WORK REQUEST
Return the line containing "高級感漂うキャビアスキン素材" and every line beneath it through the end of the entries below, unchanged. Pictures stay out.

Items listed in a dataset

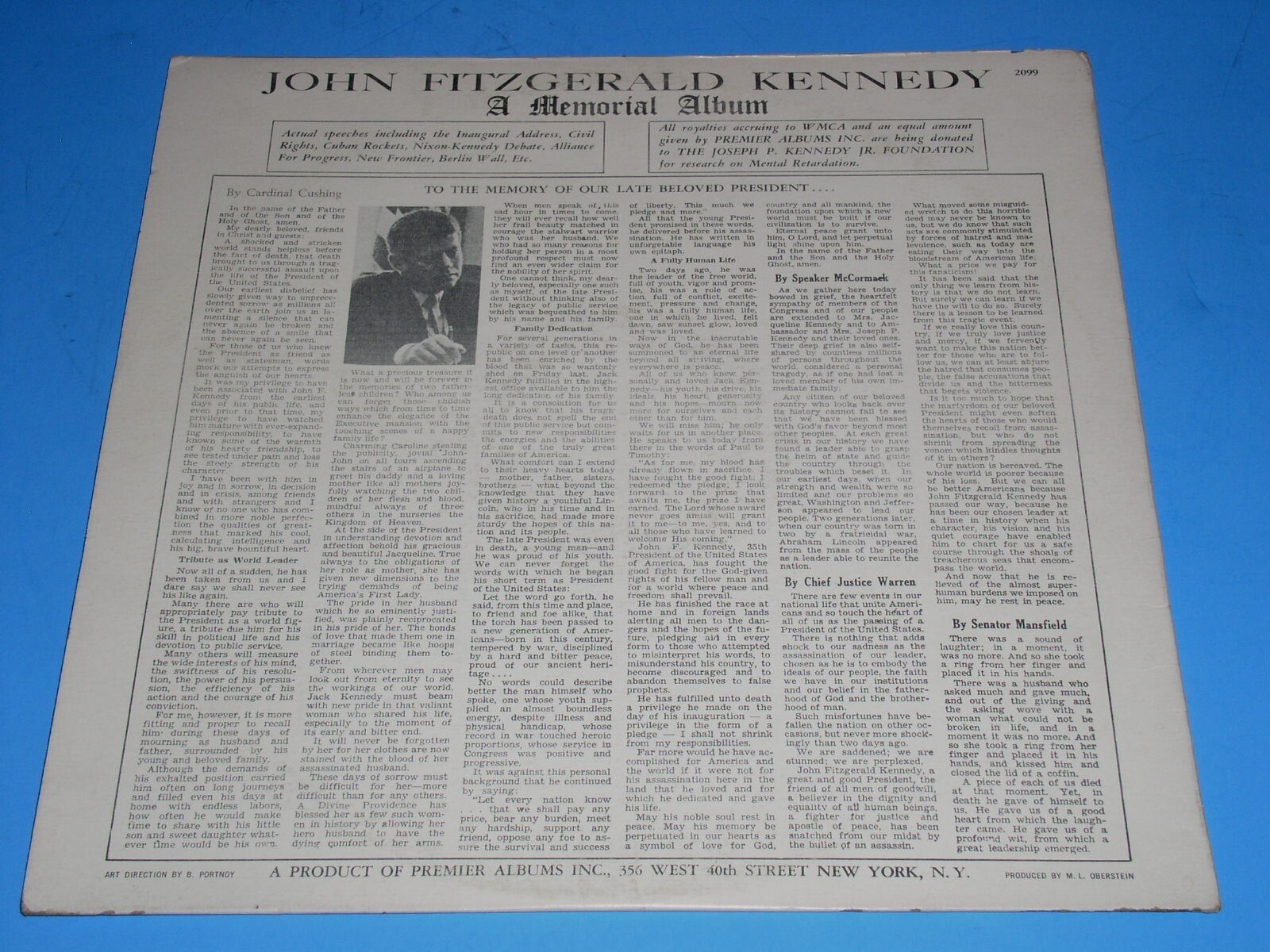 This is a vintage phonograph record album, entitled, "John Fitzgerald Kennedy A Memorial Album". Record label: Premier 2099.
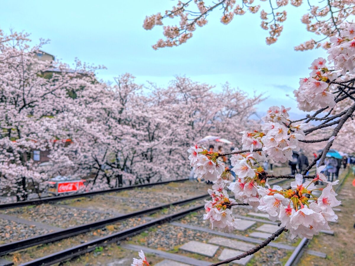 サクラの名所としても知られており、春に訪れるとレールの両サイドを華やかなサクラの花が彩ります。撮影スポットとしても人気で、雨の日にも関わらず多くの人であふれていました。
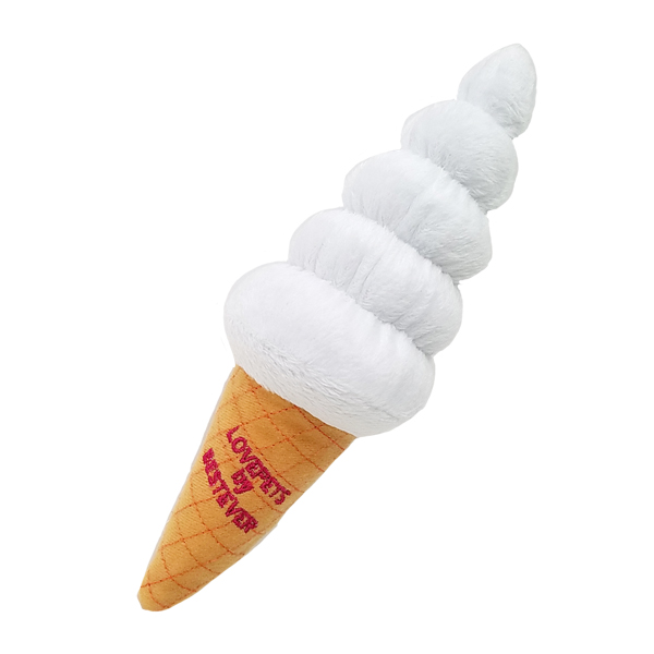 真っ白なソフトクリーム型のぬいぐるみおもちゃ。
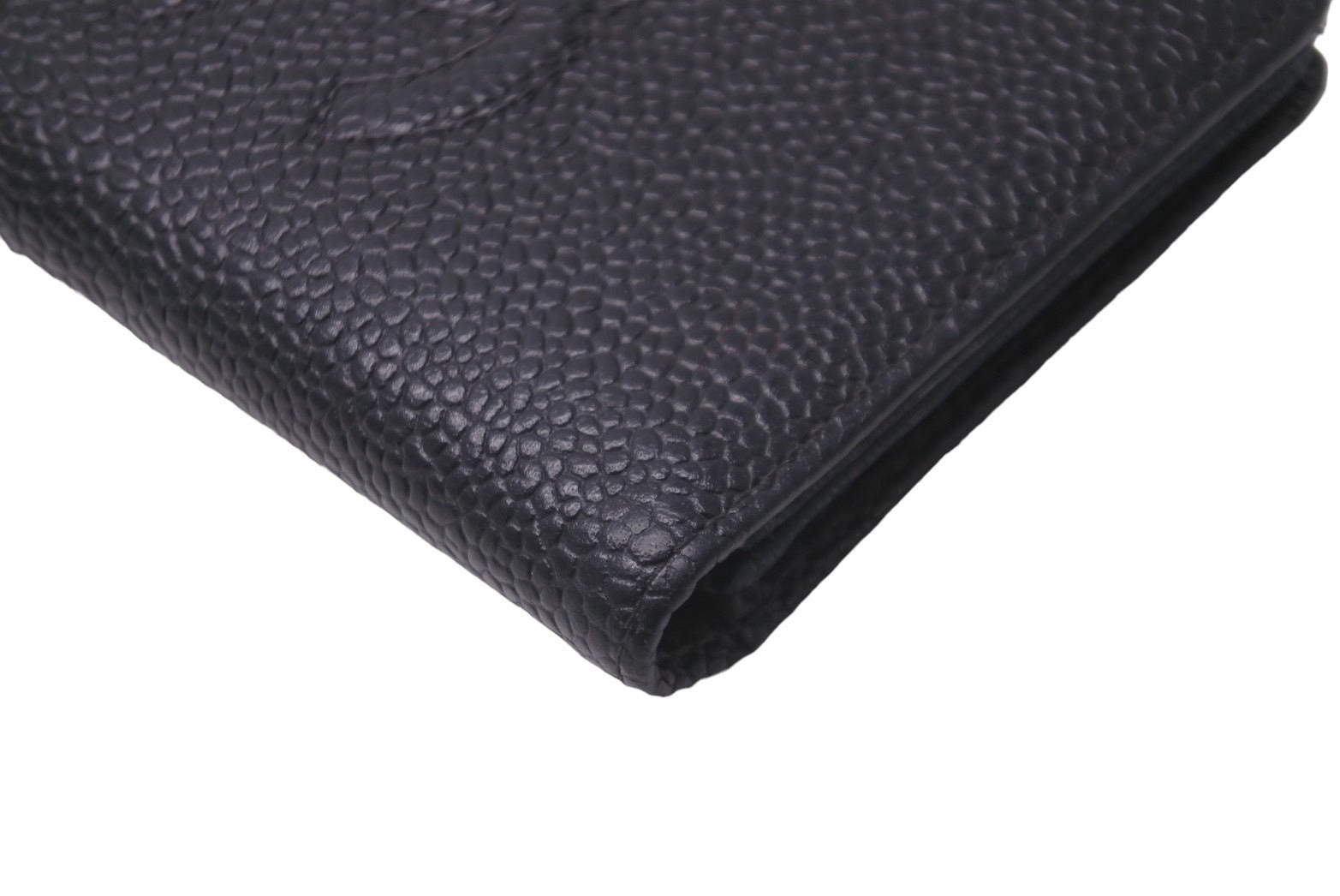 高級感漂うキャビアスキン素材を使用した上品なデザイン☆マチ付きポケット、カードポケット6枚、他ポケットが備わり、収納力も抜群。
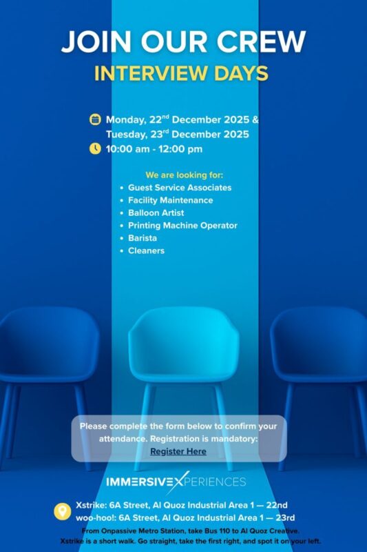 Immersive Experiences Walk in Interviews presents a valuable opportunity for job seekers in Dubai who are looking to build or advance their careers in hospitality, entertainment, and experiential services. With mandatory registration and limited interview hours, interested candidates are encouraged to prepare in advance and attend promptly. Click Here to Register.

ANSWER BOX
 高級感漂うキャビアスキン素材を使用した上品なデザイン☆マチ付きポケット、カードポケット6枚、他ポケットが備わり、収納力も抜群。
 Immersive Experiences Walk in Interviews presents a valuable opportunity for job seekers in Dubai who are looking to build or advance their careers in hospitality, entertainment, and experiential services. With mandatory registration and limited interview hours, interested candidates are encouraged to prepare in advance and attend promptly. Click Here to Register.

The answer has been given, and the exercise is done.